The 100% tariff might not directly impact India’s generic exports, but it sends a clear message that the U.S. desires pharmaceutical manufacturing closer to home
U.S. President Donald Trump’s decision to impose tariffs of up to 100% on imports of branded and patented pharmaceuticals, starting October 1, 2025, is unlikely to have a significant impact on the Indian pharmaceutical industry in the near term. Still, the move triggers a warning signal to remain prepared for future policy shifts and to build risk-mitigation strategies, warn experts.
“Starting October 1, 2025, we will be imposing a 100 per cent tariff on any branded or patented pharmaceutical product, unless a company IS BUILDING their pharmaceutical manufacturing plant in America,” Trump posted on his social media platform Truth Social.
Sources indicate that Trump’s current decision is focussed solely on branded or patented pharmaceutical products. Hence, the impact on Indian drugmakers is minimal, as most products exported from India are generics or reverse-engineered versions of patented medicines.
India is the largest pharmaceutical trade partner for the U.S., supplying nearly 47% of the U.S. public’s pharmaceutical requirements in terms of volume. The U.S. is the largest pharmaceutical market in the world, and India is one of the largest exporters of generic drugs; approximately 35% of India’s pharmaceutical exports were to the U.S. market in FY25.
“The proposed 100% tariff on branded and patented pharmaceutical imports is unlikely to have an immediate impact on Indian exports, as the bulk of our contribution lies in simple generics and most large Indian companies already operate U.S. manufacturing or repackaging units and are exploring further acquisitions,” says Namit Joshi, chairman of Pharmaceutical Export Promotion Council of India (Pharmexcil). However, it is prudent to remain prepared for future policy shifts and to build risk-mitigation strategies, he adds.
Sources say the decision puts Big Pharma, which makes only high-value branded and patented drugs, into a crisis, especially European multinationals. The Global Trade Research Initiative (GTRI) reports that total pharmaceutical imports into the U.S. were worth $212.82 billion in 2024. Of this, Ireland accounted for $50.35 billion (23.66%), Switzerland for $19.03 billion (8.94%), and Germany for $17.24 billion (8.10%).
Major German-headquartered companies include Merck, Bayer, Boehringer Ingelheim, BioNTech, Stada, and Fresenius.

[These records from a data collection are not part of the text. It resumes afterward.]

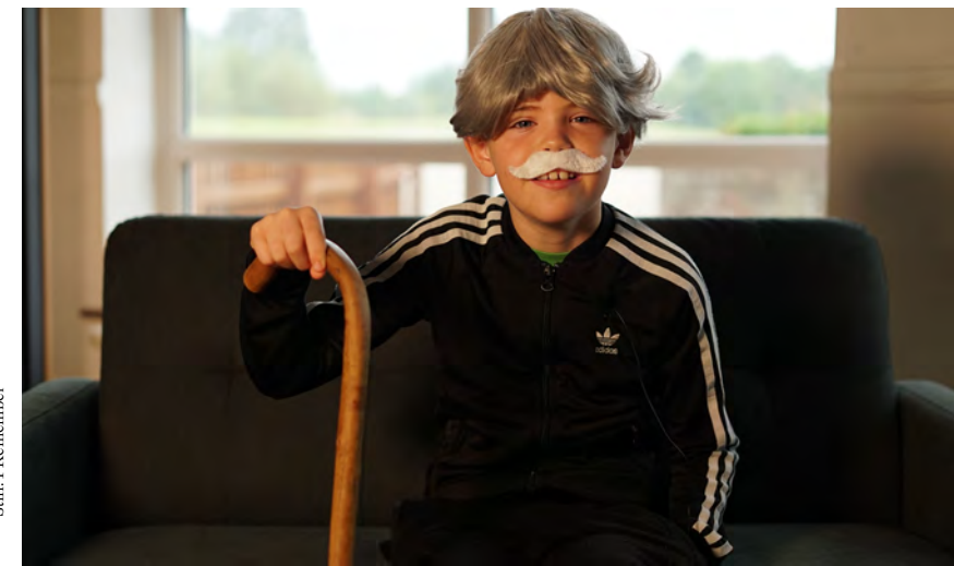
Still: I Remember
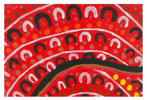
Partner with families, communities and agencies to support the educational engagement of every student.
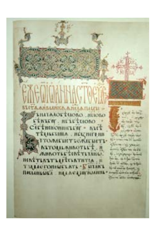
Fig. 1d) The first page of
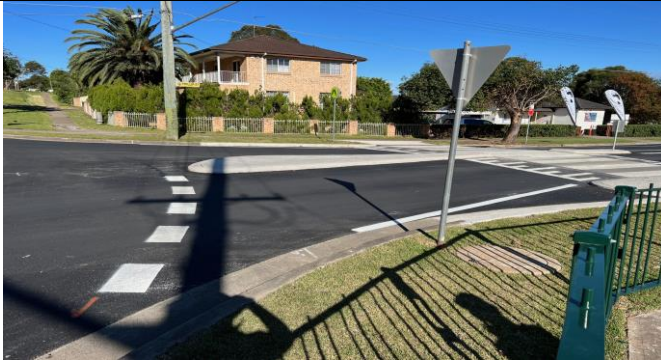
Philip and Lethbridge line marking completed
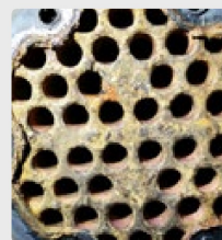
Shell and tube heat exchanger
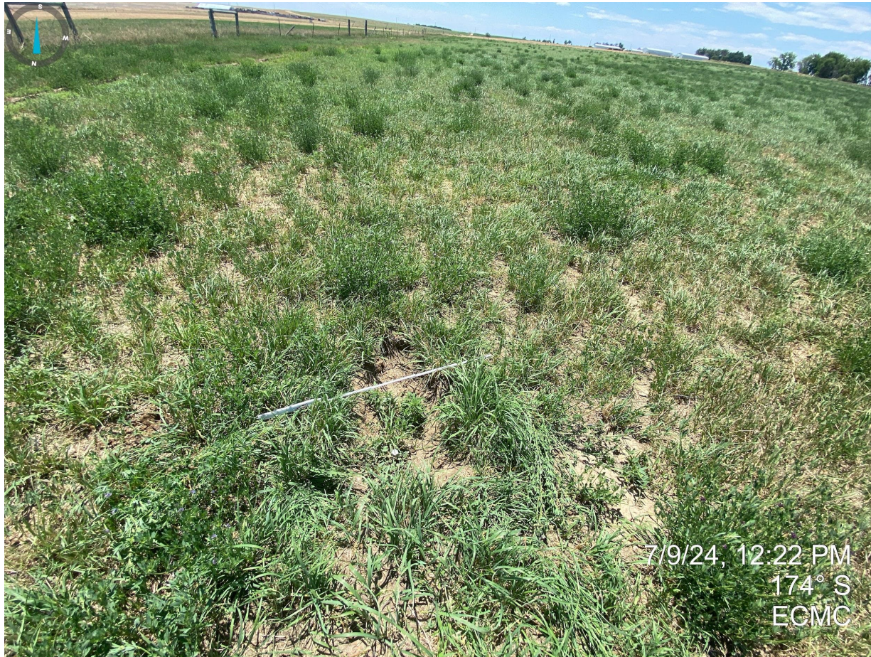
Photo 8. Subsidence observed at one of the flowline potholes.
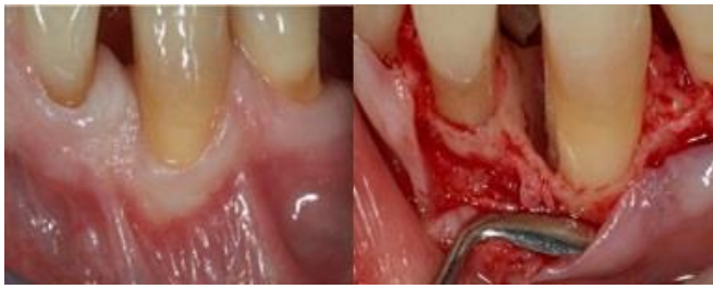
Figure 16. Lower left cuspid photo prior to entry for an attempt to eliminate deep pocket
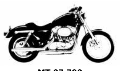
MT 07 700 + $0.00
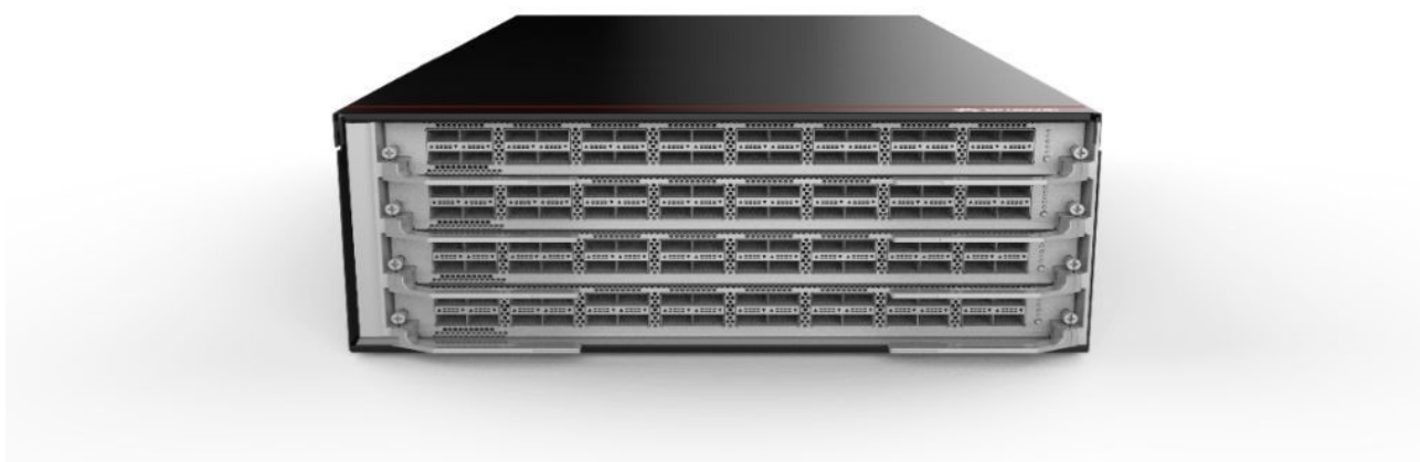
Typical 128 port 100G high density box switch

with single-chip switch devices has emerged in the market. This single-chip multi-plane interconnection solution is typically represented by a 12.8T chip, which can provide 128x100G port density on a single chip, and a single POD can provide access to 2,000 servers.
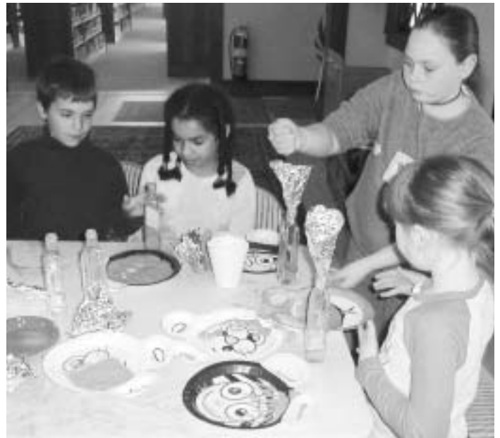
Young teens participate in a Sand Art craft program, one of many activities offered to teens at the library.
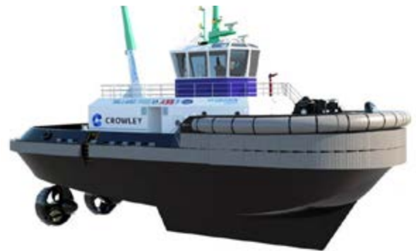
HyZET — Hydrogen Zero Emission Tug

Chart Marine is proud to be a consortium partner working to develop the first hydrogen fuel cell-powered harbor work boat, HyZET-Hydrogen Zero Emission Tug. The maritime fuel cell design and feasibility study for the commercial harbor craft is funded by the California Energy Commission (CEC).
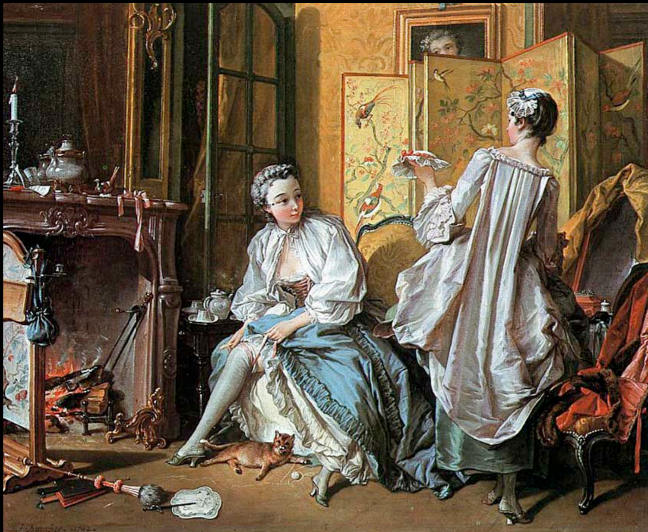
Lady Fastening Her Garter (La Toilette) by François Boucher (Madrid, Spain) 1742 (Museo de arte Thyssen-Bornemisza, Madrid)
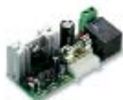
CARICA plug-in card for battery charger for use with A824
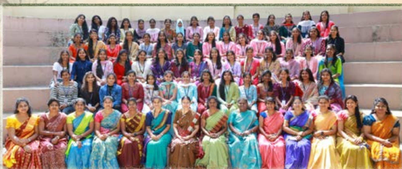
B.Com. Professional Accounting
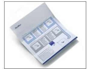
ResScan Data Card mailback envelope*
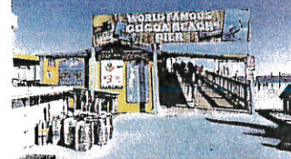
Cocoa Beach Pier
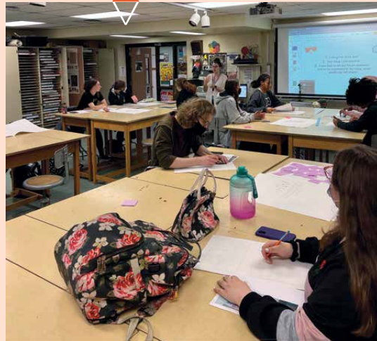
Advocate: Students brainstorm for ways to advocate for art in their schools and broader community.
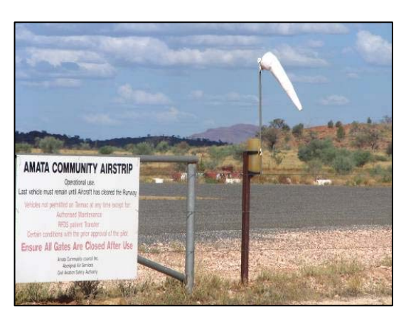
Amata Air Strip

The aerodrome serves the Amata community and eight homelands. The aerodrome is located 9 km from the community and provides urgent medical evacuations, mail services, government and community aircraft charters. It provides essential access as roads to the area become impassable on average 20 times per year due to flooding.
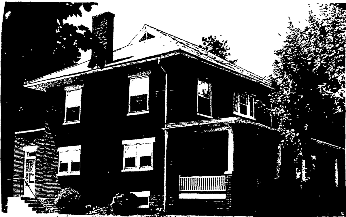
This is 1 East Fourth Street, Quarryville, the new health center building before renovations began this week. The building has

been a parsonage. The front porch will be enclosed for office space, including a reception room.

Major Swiss-headquartered pharmaceutical companies include Roche, Novartis, and Lonza. Another non-U.S. pharmaceutical MNC, GSK, is based in the U.K.
Compared to that, India’s drug trade with the U.S. was worth only $12.73 billion—5.98% of that country's total imports. India has the second-highest U.S. Food and Drug Administration (USFDA)-approved pharmaceutical manufacturing facilities worldwide (499), second only to the U.S. (530). Globally, there are only 2013 USFDA-approved facilities. Outside India and the U.S., the entire Europe has only 460 facilities. China has 340, followed by Canada at 60, Japan at 35, Switzerland at 35, and others at 98, says a recent CareEdge data.
Looking ahead, India will need to reinforce its cost-efficiency advantage in bulk drugs and active pharmaceutical ingredients (APIs)—an area where the U.S. is likely to favour India over other suppliers—and simultaneously invest in next-generation opportunities such as complex generics, peptides, biosimilars, and CAR-T therapies. “Generics will remain relevant, but will gradually mature; optimising costs and capabilities in these emerging categories will shape the next phase of growth,” says Namit Joshi.
The 100% tariff might not directly impact India’s generic exports, but it sends a clear message that the U.S. desires pharmaceutical manufacturing closer to home, says Hari Kiran Cherddi, managing director, HRV Global Lifesciences. “For Indian pharma players venturing into complex generics, biosimilars, and patented products, this is a serious threat of margin compression as well as market access barriers. It emphasises the need to diversify markets, create resilience in supply chains, and also to adopt active diplomacy to secure India’s pharma leadership,” he says.
Arushi Jain, director of Akums Drugs and Pharmaceuticals, says that despite ongoing uncertainty about future tariff plans for complex medicines (which is now a major focus area for leading Indian drug companies), they are currently not under the purview of the tariffs to be imposed, as the bulk of them are generics.